Looks like that job does have CuPy 13.3.0 + NumPy 2, which are compatible. So this is unrelated to the CuPy repodata patch above

Agree these are worth looking into

Did notice this line when going through the log

pytorch                   2.4.1           cpu_mkl_py312hf535c18_100    conda-forge

So maybe this a different dependency resolution issue. Have a hunch as to what this might be, but will need to investigate further

alexbarghi-nv · 2024-10-09T19:32:25Z

Thanks Alex! 🙏

Meaning the failures in this CI job:
FAILED tests/data_store/test_gnn_feat_storage_wholegraph.py::test_feature_storage_wholegraph_backend - assert 0 > 0
FAILED tests/data_store/test_gnn_feat_storage_wholegraph.py::test_feature_storage_wholegraph_backend_mg - assert 0 > 0
Looks like that job does have CuPy 13.3.0 + NumPy 2, which are compatible. So this is unrelated to the CuPy repodata patch above

Agree these are worth looking into

Did notice this line when going through the log
pytorch                   2.4.1           cpu_mkl_py312hf535c18_100    conda-forge
So maybe this a different dependency resolution issue. Have a hunch as to what this might be, but will need to investigate further

Oh, good catch. That is very likely the cause.

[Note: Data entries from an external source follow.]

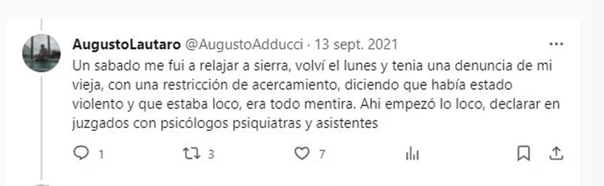 "Un sábado me fui a relajar a la sierra, volví el lunes y tenía una denuncia de mi vieja, con una restricción de acercamiento, diciendo que había estado violento y que estaba loco, era todo mentira", agregó el joven. "Ahí empezó lo loco, declarar en juzgados con psicólogos psiquiatras y asistentes sociales, teniendo que demostrar que no estaba loco...”, aseguró Augusto.
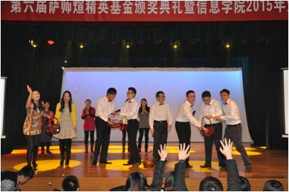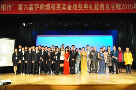 2014年12月27日下午两点,葡京娱乐场官方网站 “信火相传”第六届萨师煊精英基金颁奖典礼暨2015年元旦联欢会在求是楼八百人大教室隆重举行。葡京娱乐场官方网站 院长兼学校理工处处长杜小勇教授,教务处处长数学系龙永红教授,党委书记林颐老师,党委副书记陈红教授,计算机科学与技术系主任石文昌教授,党委委员王伟教授,萨师煊精英基金理事葡京娱乐场官方网站 87级校友周斐先生,人大金仓公司总裁、88级校友任永杰先生等嘉宾出席了此次颁奖典礼。葡京娱乐场官方网站 师生400余人欢聚一堂,共同度过辞旧迎新的美好时光。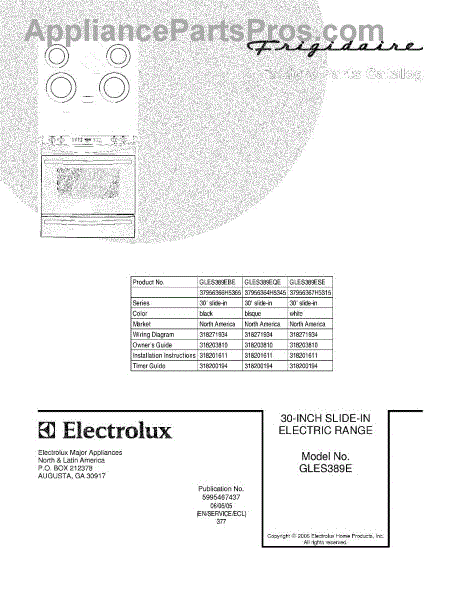 Parts for Frigidaire GLES389ESE: 01 - Cover Parts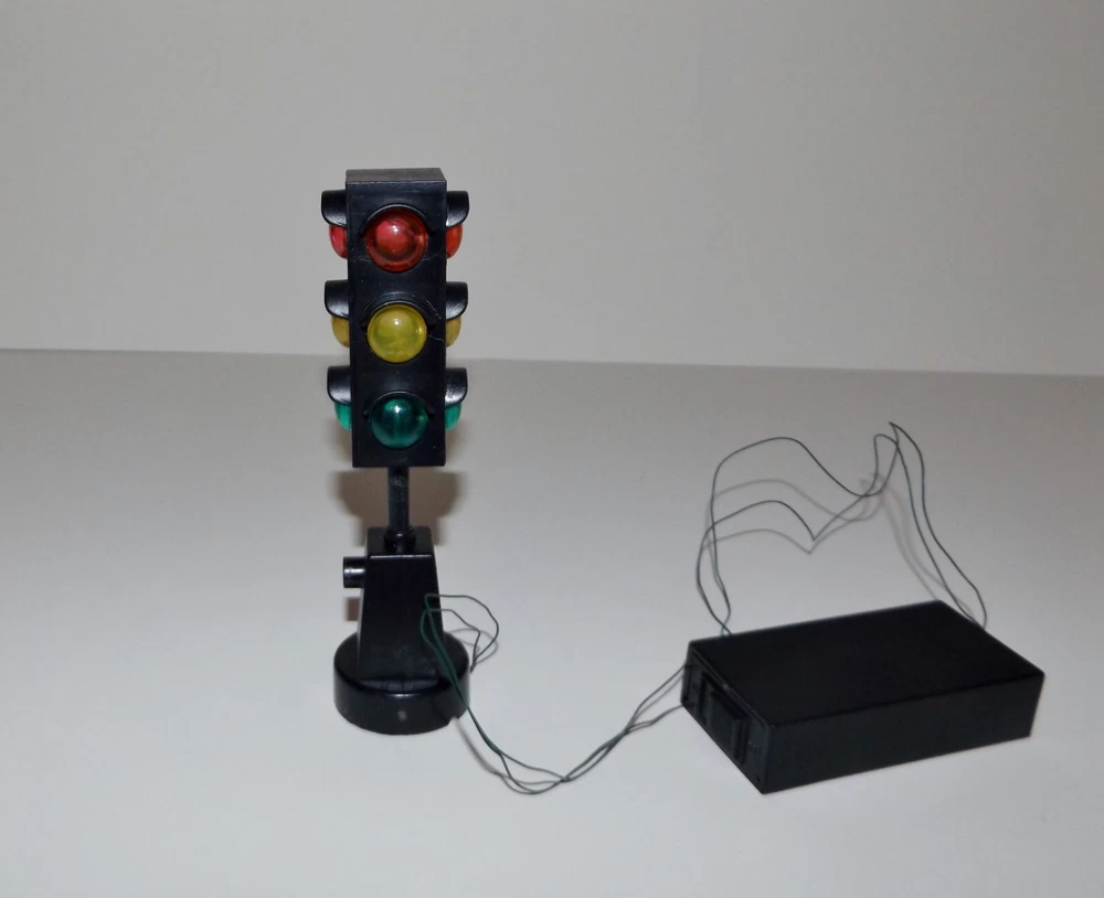 Vintage Miniature Railroad Crossing Light Christmas Village K. Adler Working Vintage pre-owned plastic battery operated miniature Railroad Crossing Sign Light, Santa's World, Kurt S. Adler Inc., Taiwan. For Christmas village, model railroads, and more. Measures approximately 5" high x 1 1/4" round base. Testing - working - flashes between red, yellow and green. Takes 2 AA batteries (not included). Selling as is. Use pictures as part of description.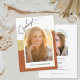 This stunning graduation party invitation features an arched photo on the front and a second on the back. The design is accented with the colour terracotta and a faux textured gold colour. The word "graduate" appears in a modern script. Custom text, on the back, allows you to add your party invitation details.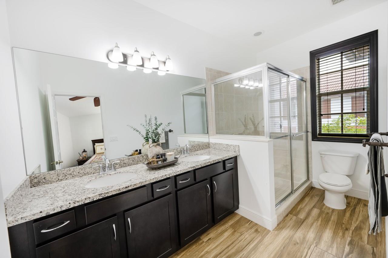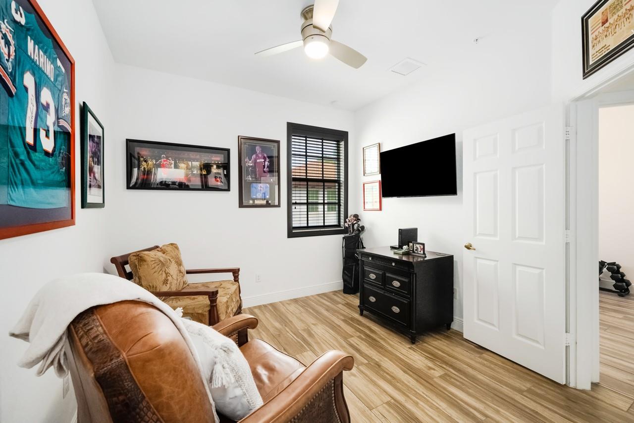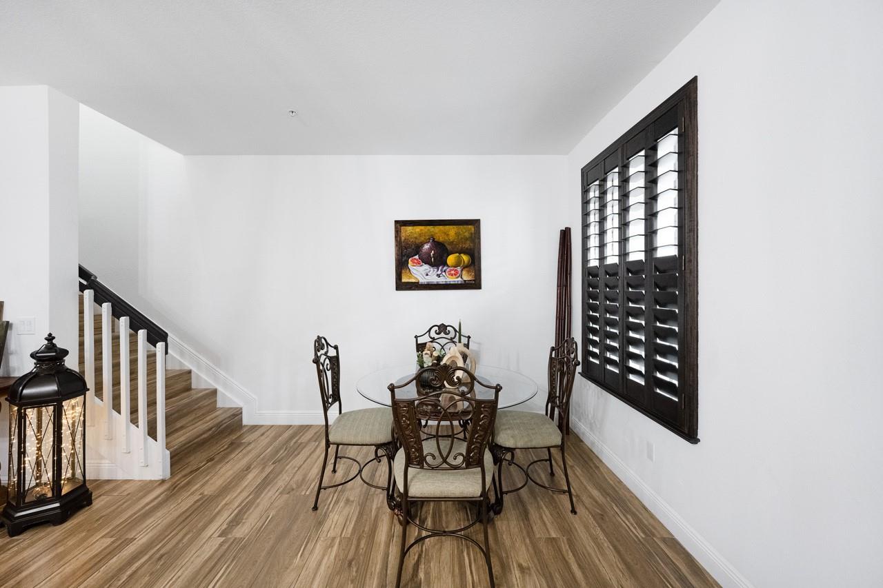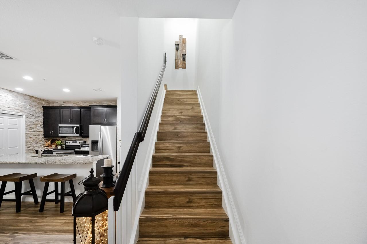This 3/2.5 2 car garage home has continuous wood grain porcelain tile flooring throughout. The kitchen is open and spacious, with plenty of cabinets, granite countertops, with a huge workspace on a peninsular bar, with ample seating. The kitchen backsplash flow into wall feature and entry to a large pantry. Window treatments include plantation shutters that match the color of the kitchen cabinets. Upstairs there are 3 bedrooms with 2 full bathrooms. There is also a loft that can be an entertainment area or serve as a 4th bedroom. The primary ensuite features a double sink and a walk-in shower. The primary has two large walk-in closets. The primary has a walk out balcony overlooking a tropical garden view. Home has all impact windows, fire alarm, fire sprinklers, upgraded light fixtures.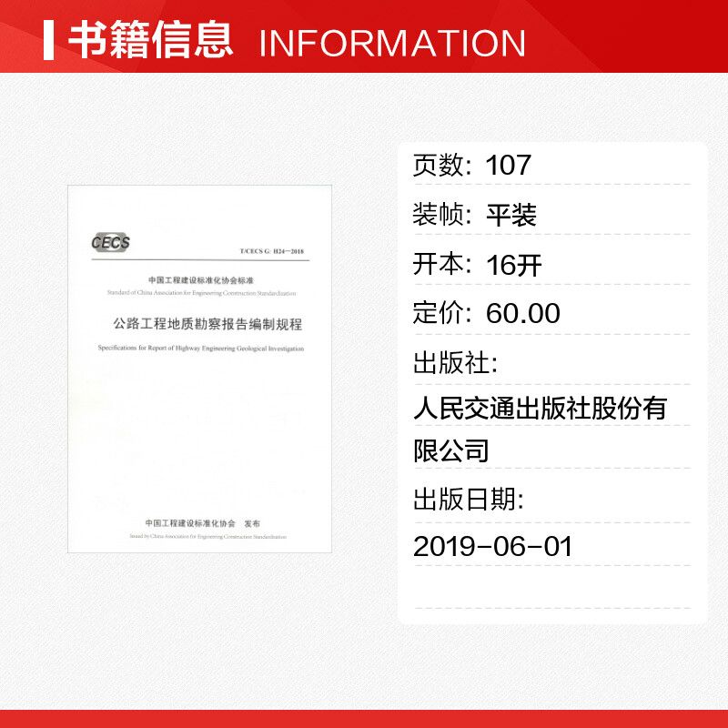 正版 社股份有限公司 CECS 人民交通出版 新华书店旗舰店文轩官网 书籍 2018 H24 公路工程地质勘察报告编制规程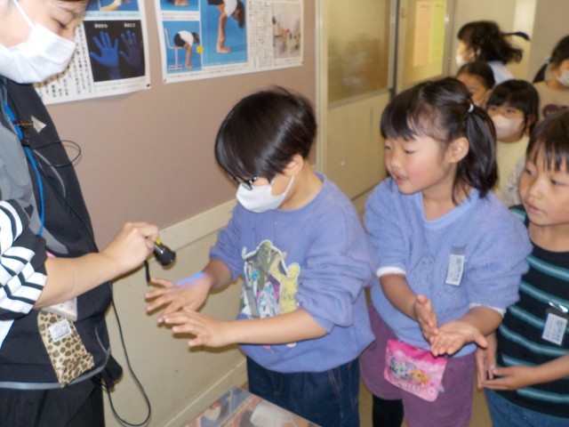 洗い残しが光ります。自分の手洗いはどうだったかな? インフルエンザも流行しています。しっかり手洗いをして、感染予防に努めたいですね。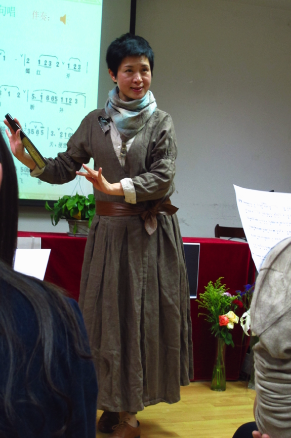 在杨崑老师的带领下,同学们一起学习演唱《皂罗袍》选段。

alexbarghi-nv · 2024-10-09T19:47:01Z

I'm having a hard time replicating that dependency resolution locally. Instead, mamba is resolving:

  + pytorch                                  2.3.1  cuda120_py312h26b3cf7_300            conda-forge            25MB

alexbarghi-nv · 2024-10-09T19:54:07Z

Never mind, I just replicated it.

alexbarghi-nv · 2024-10-09T19:58:09Z

This error goes away when adding -c pytorch and correctly installs pytorch from the pytorch channel. Let me push a change to this PR.

alexbarghi-nv · 2024-10-10T15:56:44Z

It looks like we failed due to selecting an older version of cupy. Can we safely bind cupy to >=13.3 in dependencies.yaml? @jakirkham

jakirkham · 2024-10-12T02:49:21Z

Think this has to do with the issue mentioned above ( #4703 (comment) ), which was recently resolved

Let's give this another try

Am going to try without the pytorch channel if that is ok

Let's look at the results of that

We can then discuss after whether we want any more changes

jakirkham · 2024-10-12T07:04:51Z

Now seeing errors like these in failing CI jobs

NotImplementedError: `ego_graph' is not implemented by ['cugraph'] backends. To remedy this, you may enable automatic conversion to more backends (including 'networkx') by adding them to `nx.config.backend_priority`, or you may specify a backend to use with the `backend=` keyword argument.

Are we missing something in cuGraph?

jakirkham · 2024-10-15T14:40:58Z

From offline discussion, sounds like this was fixed in PR: #4717

Updated this PR to pull in those changes

The use of `>` and `<` confuses the shell as it thinks these are redirects. So use single quotes so that it doesn't try to parse the contents of this string.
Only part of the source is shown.